Consider $\sigma: \mathbb{F}_5(\sqrt[4]{2}) \to \mathbb{F}_5(\sqrt[4]{2})$ given by $\sigma(\sqrt[4]{2}) = 2\sqrt[4]{2}$. This is an automorphism of $\mathbb{F}_5(\sqrt[4]{2})$ of order $4$ and so must be the the galois group is $\langle \sigma \rangle$.
 A: I am stating an alternative path.
I will show that $x^4-2$ is irreducible over $\mathbb F_5$ and hence $[\mathbb F_5(\sqrt[4] 2):\mathbb F_5]=4$.
Also $\mathbb F_5$ contains fourth root of unity over $\mathbb F_5$($\because a^{(5-1)}\equiv 1(\mod 5) $ for all $a\in \mathbb F_5^*$
). So $x^4-2$ splits over $\mathbb F_5(\sqrt[4] 2)$.
$$x^4-2=\prod_{a\in \mathbb F_5^*}(x-a\sqrt[4]2)$$
If $g(x)$ is a factor of characteristic $x^4-2$ then $g(-x)$ is also a factor .
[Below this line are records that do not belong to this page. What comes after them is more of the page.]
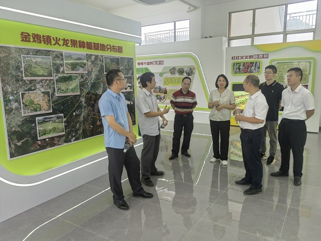 6月19日,云浮市郁南县科协主席林少玲带领广东郁南黄皮科技小院首席专家秦永华教授等一行,在罗定市科协有关领导陪同下,到金鸡镇、榃滨镇学习交流火龙果、肉桂产业发展经验。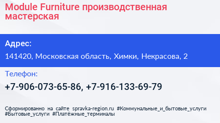 Module Furniture, производственная мастерская по адресу 141420, Московская область, Химки, Некрасова, 2 в дальнейшем Организация, размещена в следующих категориях: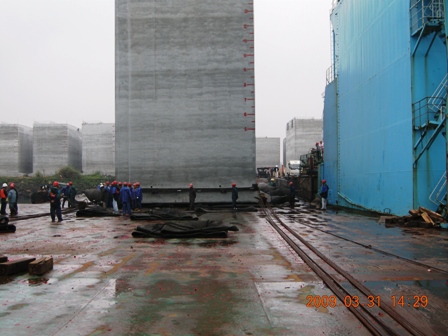 海口港馬村港區擴建一期工程沉箱預制件共75件,第一批沉箱預制工作自從2008年5月23日開始,目前已經完成四條生產線共45件沉箱的預制任務,2009年3月10日開始沉箱出運準備工作,并于3月26日開始第二批沉箱的預制。目前,第二批沉箱工作和沉箱出運工作正有條不紊地 。
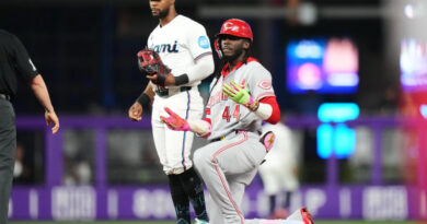 El relevista dominicano Miguel Castro  salió de un atolladero en el octavo inning, gracias a una fantástica atrapada de Ruiz. Con corredores en las esquinas sin out, el quisqueyano permitió sólo una carrera en un sencillo productor de Andrew Knapp que acercó 5-4 a Phillies.
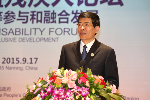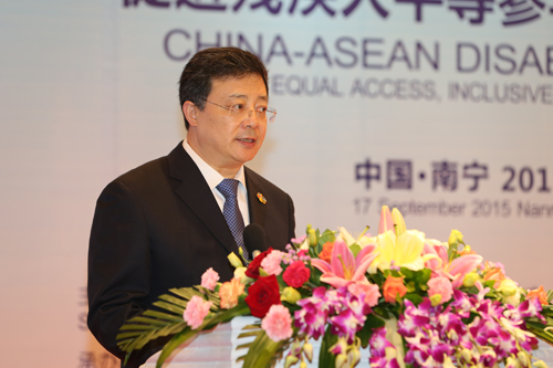 中国残联副理事长贾勇,中国-东盟中心秘书长杨秀萍,印尼、文莱、柬埔寨、老挝、缅甸、泰国、菲律宾、越南八国负责残疾人事务的部长级官员或代表作论坛主旨演讲,共商中国-东盟残疾人事务的合作交流。贾勇在演讲中发出了“建立交流合作长效机制、合作开展‘促进残疾人平等参与和融合发展’理论研究、开展残疾人相关产业合作和技术交流、实施多种形式的援助项目”的倡议。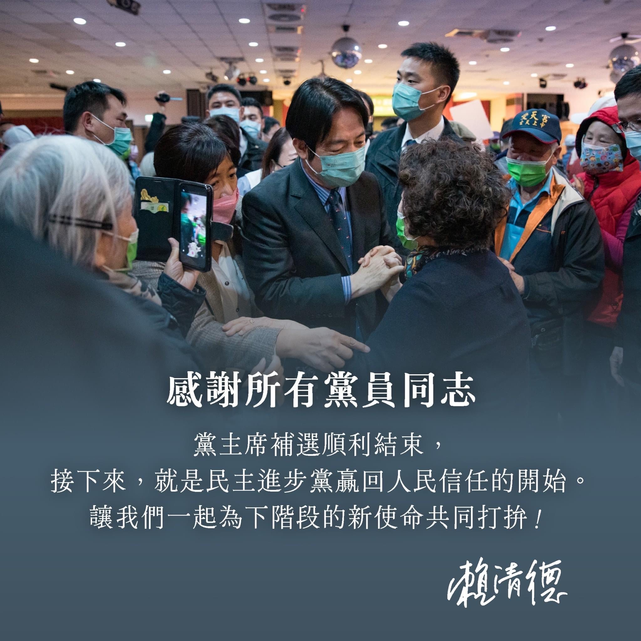 民進黨主席補選結果出爐,副總統賴清德以4萬1840票同額當選,此次選舉有投票權的選舉人數共有23萬8664人,投票率約17.59%。
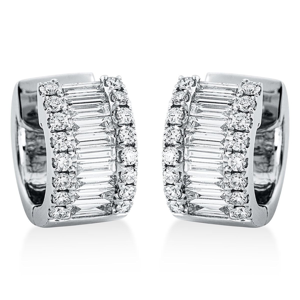 Creolen 18 kt WG, 17 Baguette 0,79 ct, TW-vsi, 32 Brillanten 0,39 ct, TW-vsi, H:12,0 mm, B:13,3 mm, S:6,9 mm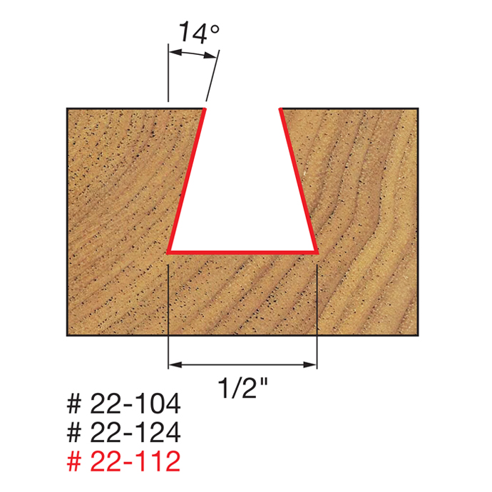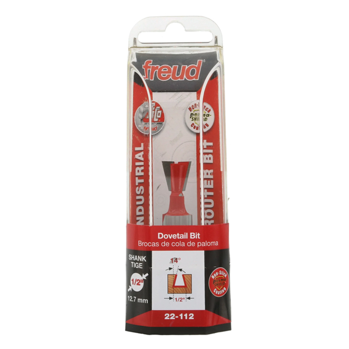 Manufacturer Freud Part Number 22-112-FRD Manufacturer's Part 22-112 Weight 0.130 lbs UPC/EAN Code 8925380535 Diameter 1/2" Shank Diameter 1/2" Overall Length 2-1/4" Type Dovetail No. of Cutters 2 Max. RPM 24,000 RPM Angle 14° Carbide Height 1/2"

$x^4-2$ has no root in $\mathbb F_5$.
Then observe that if $x^4-2$ reducible then only possibility is
$$x^4-2=(x^2+ax+b)(x^2-ax+b)=x^4+(2b-a^2)x^2+b^2x$$
$\therefore 2b=a^2$ and $b^2=2$ . But this is not possible for any $a,b\in \mathbb F_5$.
So $x^4-2$ is irreducible in $\mathbb F_5$. Then you have $[\mathbb F_5(\sqrt[4] 2):\mathbb F_5]=4$.
After this use the fact that every finite extension over a finite field is cyclic. (you can find a proof here)
A: Here’s another way of looking at the problem:
You’re asking for $\sqrt[4]2$ and the extension it generates over $\Bbb F_5$.
Now, $2$ is of (multiplicative) order $4$ in $\Bbb F_5^\times$, so its fourth root will be of order $16$. So you’re looking for the smallest power $5^m$ such that $\Bbb F_{5^m}$ has order ($5^m-1$) divisible by $16$. You see that $25$ and $125$ are no good, but surenough, $16\mid624=5^4-1$. So the degree of the splitting field is four. (Note: all extensions of finite fields are normal, abelian, cyclic.)